Figure 4: Comparison between GPU- and FPGA-based EBR architectures. (a) GPU-o is a GPU-based EBR that stores intermediate states of K-selection in on-chip memory [23] and maintains corpus and scores in external memory. It suffers from heavy state maintenance cost and small *k* values; (b) GPU-e is a GPU-based EBR that moves all intermediate states of K-selection to external memory [33, 36], requiring multiple passes over the external memory; (c) is an FPGA-based EBR which stores only corpus in external memory, traverses external memory only once, and keeps the computation and communication of other operators fully on chip and in a streaming pipeline.

# 2.3 Existing EBR Architectures

Using the ideal EBR architecture as a reference, we analyze existing CPU- and GPU-based EBR architectures, and show that their performance are both sub-optimal due to inherent architectural limitations.

#### 2.3.1 CPU-based EBR

Datacenter CPUs are equipped with large DDR memory (hundreds of GBs), able to store a very large corpus with millions or more item embeddings. However, CPU-based EBR does not perform well due to the following reasons.

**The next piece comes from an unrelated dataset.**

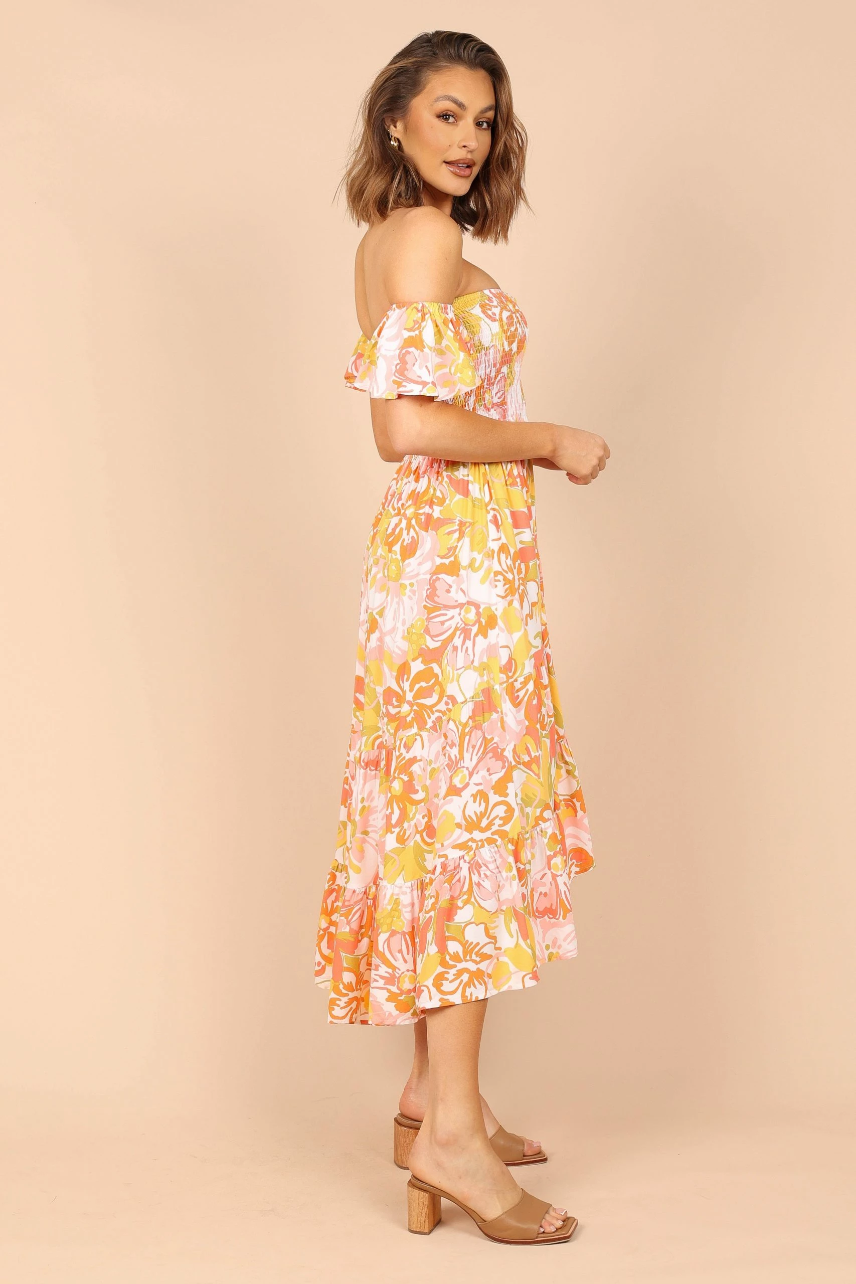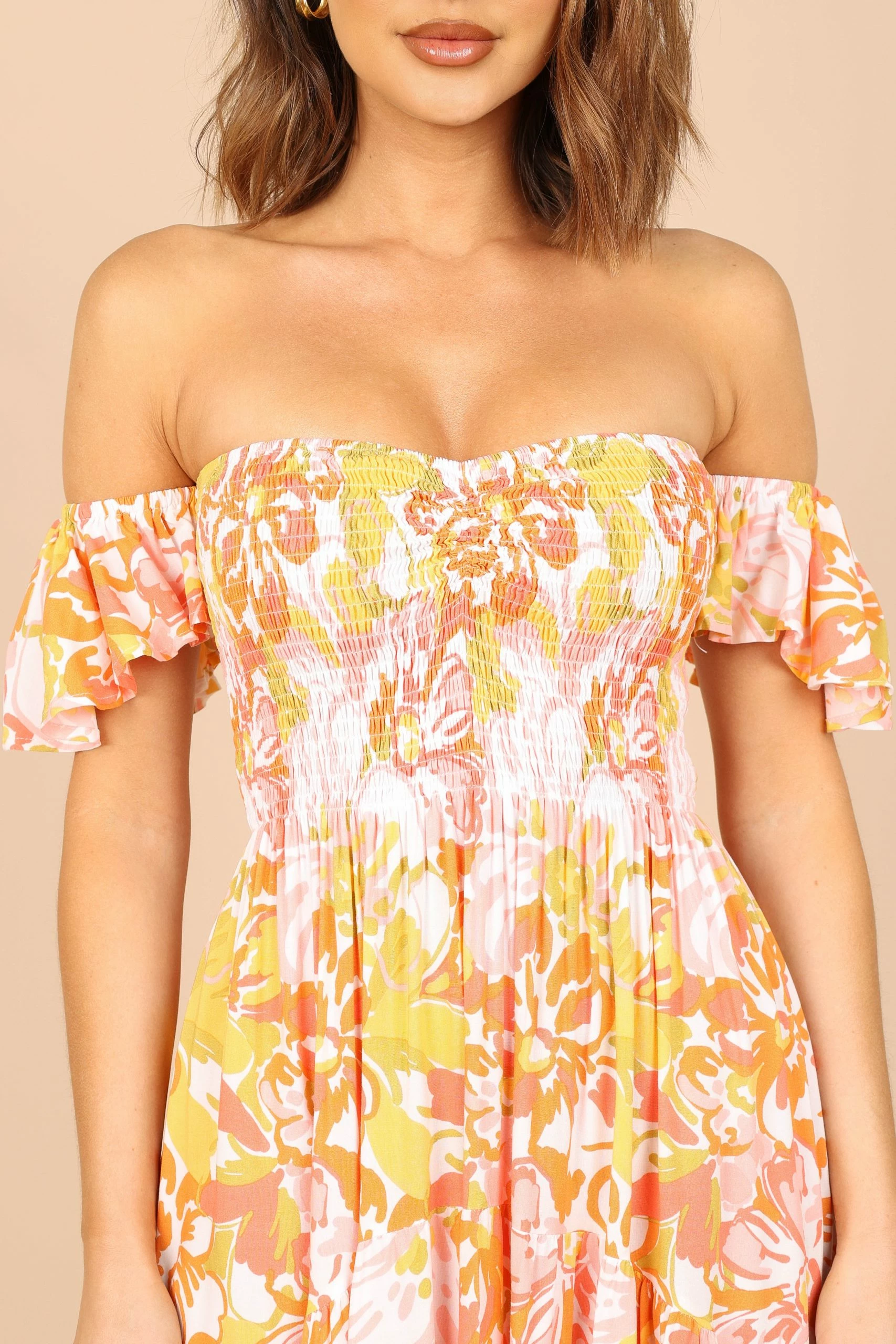 | DETAILS This maxi dress features a romantic off-shoulder style with a sweetheart neckline, short ruffle sleeves, and an elasticised band. The shirred bodice and the ruched detail on the bust create a flattering shape while the high low hemline gives it added movement.

Low memory bandwidth violates ② in Figure 2. The theoretical DDR memory bandwidth of a CPU is proportional to the limited number (typically  $2\sim8$ ) of DDR channels [3], and the memory bandwidth utilization driven by a CPU is not high. Taking the server used in our evaluations (§6) as an example, a CPU with six DDR channels provides a theoretical maximum bandwidth of 140.8 GB/s, and an empirical upper bound of only 78 GB/s measured with Intel MLC [1]. The low memory bandwidth (B) significantly increases the first part (S/B) of Equation 1.

Limited number of CPU cores cannot support ③-⑥ and batch queries, simultaneously. A CPU contains dozens of processor cores that can be flexibly used for data parallelism, pipeline parallelism, and/or batch processing. However, due to the limited number of cores, CPU-based EBR fails to support all the above features well simultaneously, where the number of cores desired is the product of the number of memory channels, the number of pipeline stages, and the batch size as shown in Figure 2 and Figure 3. The poor support of data parallelism and pipeline parallelism results in throughput mismatch and imperfect overlapping among operators, leading to an increase on the second part (*C*) of Equation 1 as well as a

sub-linear throughput increase with batch queries.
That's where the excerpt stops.